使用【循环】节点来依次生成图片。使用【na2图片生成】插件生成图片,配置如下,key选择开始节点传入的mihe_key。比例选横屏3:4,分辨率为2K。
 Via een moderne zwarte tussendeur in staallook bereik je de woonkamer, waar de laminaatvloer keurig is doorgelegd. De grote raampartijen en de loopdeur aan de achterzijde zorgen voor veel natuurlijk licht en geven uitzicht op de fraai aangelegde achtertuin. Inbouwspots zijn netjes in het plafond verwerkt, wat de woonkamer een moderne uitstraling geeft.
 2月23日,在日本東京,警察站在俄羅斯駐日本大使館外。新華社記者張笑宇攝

**EXERCISE OBJECTIVE:**
Would you return all of the data exactly as it stands above?

**SOLUTION TO THIS TASK:**
使用【循环】节点来依次生成图片。使用【na2图片生成】插件生成图片,配置如下,key选择开始节点传入的mihe_key。比例选横屏3:4,分辨率为2K。
 Via een moderne zwarte tussendeur in staallook bereik je de woonkamer, waar de laminaatvloer keurig is doorgelegd. De grote raampartijen en de loopdeur aan de achterzijde zorgen voor veel natuurlijk licht en geven uitzicht op de fraai aangelegde achtertuin. Inbouwspots zijn netjes in het plafond verwerkt, wat de woonkamer een moderne uitstraling geeft.
 2月23日,在日本東京,警察站在俄羅斯駐日本大使館外。新華社記者張笑宇攝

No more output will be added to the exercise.